(Data entries)
>>>>>
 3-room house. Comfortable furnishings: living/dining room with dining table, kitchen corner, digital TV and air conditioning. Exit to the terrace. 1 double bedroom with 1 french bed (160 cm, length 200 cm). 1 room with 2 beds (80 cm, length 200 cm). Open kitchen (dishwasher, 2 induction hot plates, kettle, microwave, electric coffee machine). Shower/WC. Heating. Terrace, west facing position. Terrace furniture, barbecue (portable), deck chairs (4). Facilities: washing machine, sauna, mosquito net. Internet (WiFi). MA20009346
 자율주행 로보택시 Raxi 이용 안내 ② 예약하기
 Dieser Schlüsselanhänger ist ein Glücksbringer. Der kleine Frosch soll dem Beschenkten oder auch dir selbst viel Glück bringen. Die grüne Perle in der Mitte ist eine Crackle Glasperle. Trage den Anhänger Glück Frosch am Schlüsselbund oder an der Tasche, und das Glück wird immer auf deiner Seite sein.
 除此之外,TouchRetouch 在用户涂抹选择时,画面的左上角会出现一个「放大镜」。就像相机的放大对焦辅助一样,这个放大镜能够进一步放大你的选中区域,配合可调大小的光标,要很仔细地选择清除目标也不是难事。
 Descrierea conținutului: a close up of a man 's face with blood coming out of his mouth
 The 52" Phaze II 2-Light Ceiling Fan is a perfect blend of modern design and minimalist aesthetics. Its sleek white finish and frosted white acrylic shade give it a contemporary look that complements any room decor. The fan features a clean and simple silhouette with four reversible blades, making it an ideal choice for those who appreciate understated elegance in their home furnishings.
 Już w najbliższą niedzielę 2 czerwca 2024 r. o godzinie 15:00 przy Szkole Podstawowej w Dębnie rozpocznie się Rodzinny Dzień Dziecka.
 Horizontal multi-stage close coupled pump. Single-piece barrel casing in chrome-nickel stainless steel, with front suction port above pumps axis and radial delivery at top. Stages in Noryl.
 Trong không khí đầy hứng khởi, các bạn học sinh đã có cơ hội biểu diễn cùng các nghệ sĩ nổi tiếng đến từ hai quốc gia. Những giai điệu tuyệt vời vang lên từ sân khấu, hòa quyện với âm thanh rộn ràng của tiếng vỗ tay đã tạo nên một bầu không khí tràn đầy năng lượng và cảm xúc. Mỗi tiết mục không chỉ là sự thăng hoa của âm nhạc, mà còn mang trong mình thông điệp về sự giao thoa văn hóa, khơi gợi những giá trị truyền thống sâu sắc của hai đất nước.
<<<<<
>>>>>
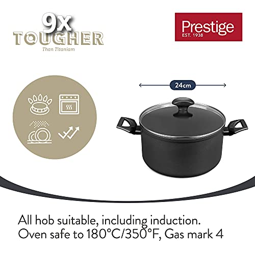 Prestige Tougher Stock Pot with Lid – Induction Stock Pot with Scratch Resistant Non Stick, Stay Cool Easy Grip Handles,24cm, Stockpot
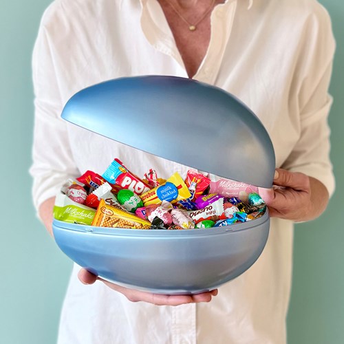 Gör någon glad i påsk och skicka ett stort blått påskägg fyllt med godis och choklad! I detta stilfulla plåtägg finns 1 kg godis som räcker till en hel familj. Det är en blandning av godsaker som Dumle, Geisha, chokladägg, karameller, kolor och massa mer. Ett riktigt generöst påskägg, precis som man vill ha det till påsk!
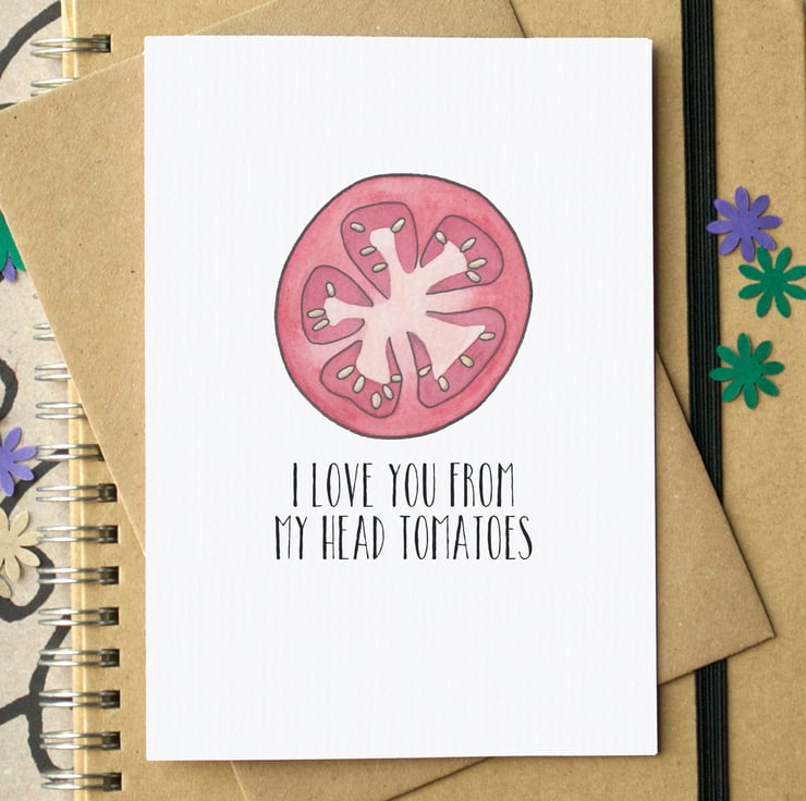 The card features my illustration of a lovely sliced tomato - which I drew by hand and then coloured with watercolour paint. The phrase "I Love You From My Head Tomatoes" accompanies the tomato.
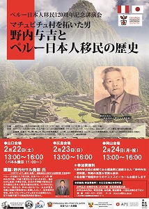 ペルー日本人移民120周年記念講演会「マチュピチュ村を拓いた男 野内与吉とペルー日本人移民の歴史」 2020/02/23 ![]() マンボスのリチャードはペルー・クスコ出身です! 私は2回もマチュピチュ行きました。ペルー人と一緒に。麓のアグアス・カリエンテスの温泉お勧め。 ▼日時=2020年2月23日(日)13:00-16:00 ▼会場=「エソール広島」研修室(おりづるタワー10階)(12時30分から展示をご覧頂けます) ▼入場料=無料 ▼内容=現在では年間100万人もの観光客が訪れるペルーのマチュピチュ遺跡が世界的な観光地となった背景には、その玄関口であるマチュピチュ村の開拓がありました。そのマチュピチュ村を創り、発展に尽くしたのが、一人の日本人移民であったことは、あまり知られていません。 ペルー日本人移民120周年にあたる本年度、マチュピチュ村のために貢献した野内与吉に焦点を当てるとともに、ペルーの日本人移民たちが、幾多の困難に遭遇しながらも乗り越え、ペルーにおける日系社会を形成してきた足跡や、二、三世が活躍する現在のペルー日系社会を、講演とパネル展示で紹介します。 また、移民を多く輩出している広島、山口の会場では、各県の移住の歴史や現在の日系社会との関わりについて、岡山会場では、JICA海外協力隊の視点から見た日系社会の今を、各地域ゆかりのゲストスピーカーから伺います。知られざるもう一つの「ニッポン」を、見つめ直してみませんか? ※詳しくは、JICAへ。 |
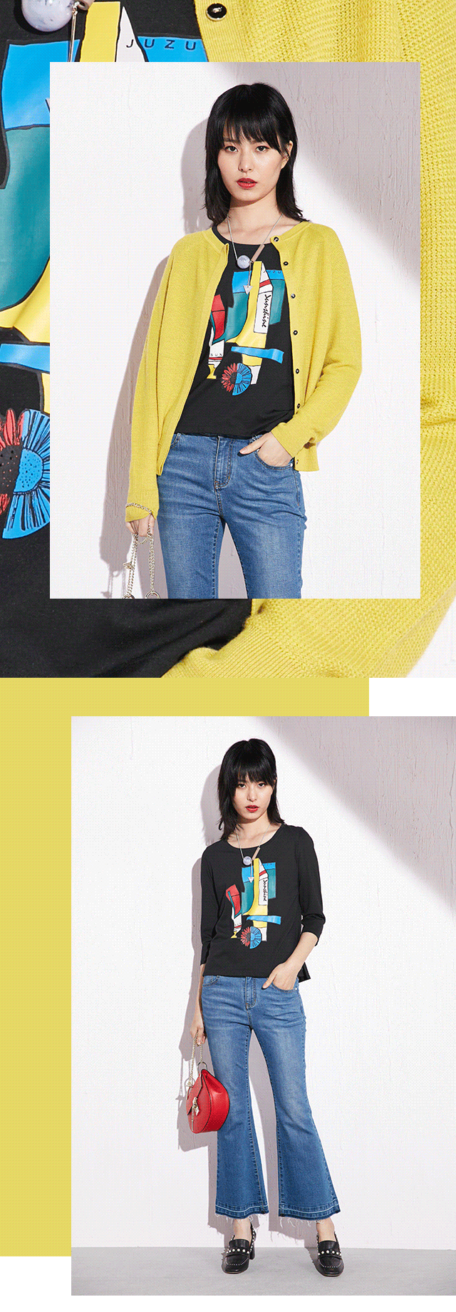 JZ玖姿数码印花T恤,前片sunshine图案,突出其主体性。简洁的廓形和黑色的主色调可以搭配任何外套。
<<<<<
## WHAT THE TASK REQUIRES
Would you copy, word for word, only the lines above from the one containing "Prestige Tougher Stock" through the one containing "JZ玖姿数码印花T恤,前片s", both included, and please leave out the pictures?

## SOLVED EXERCISE
 Prestige Tougher Stock Pot with Lid – Induction Stock Pot with Scratch Resistant Non Stick, Stay Cool Easy Grip Handles,24cm, Stockpot
 Gör någon glad i påsk och skicka ett stort blått påskägg fyllt med godis och choklad! I detta stilfulla plåtägg finns 1 kg godis som räcker till en hel familj. Det är en blandning av godsaker som Dumle, Geisha, chokladägg, karameller, kolor och massa mer. Ett riktigt generöst påskägg, precis som man vill ha det till påsk!
 The card features my illustration of a lovely sliced tomato - which I drew by hand and then coloured with watercolour paint. The phrase "I Love You From My Head Tomatoes" accompanies the tomato.
 ペルー日本人移民120周年記念講演会「マチュピチュ村を拓いた男 野内与吉とペルー日本人移民の歴史」 2020/02/23 ![]() マンボスのリチャードはペルー・クスコ出身です! 私は2回もマチュピチュ行きました。ペルー人と一緒に。麓のアグアス・カリエンテスの温泉お勧め。 ▼日時=2020年2月23日(日)13:00-16:00 ▼会場=「エソール広島」研修室(おりづるタワー10階)(12時30分から展示をご覧頂けます) ▼入場料=無料 ▼内容=現在では年間100万人もの観光客が訪れるペルーのマチュピチュ遺跡が世界的な観光地となった背景には、その玄関口であるマチュピチュ村の開拓がありました。そのマチュピチュ村を創り、発展に尽くしたのが、一人の日本人移民であったことは、あまり知られていません。 ペルー日本人移民120周年にあたる本年度、マチュピチュ村のために貢献した野内与吉に焦点を当てるとともに、ペルーの日本人移民たちが、幾多の困難に遭遇しながらも乗り越え、ペルーにおける日系社会を形成してきた足跡や、二、三世が活躍する現在のペルー日系社会を、講演とパネル展示で紹介します。 また、移民を多く輩出している広島、山口の会場では、各県の移住の歴史や現在の日系社会との関わりについて、岡山会場では、JICA海外協力隊の視点から見た日系社会の今を、各地域ゆかりのゲストスピーカーから伺います。知られざるもう一つの「ニッポン」を、見つめ直してみませんか? ※詳しくは、JICAへ。 |
 JZ玖姿数码印花T恤,前片sunshine图案,突出其主体性。简洁的廓形和黑色的主色调可以搭配任何外套。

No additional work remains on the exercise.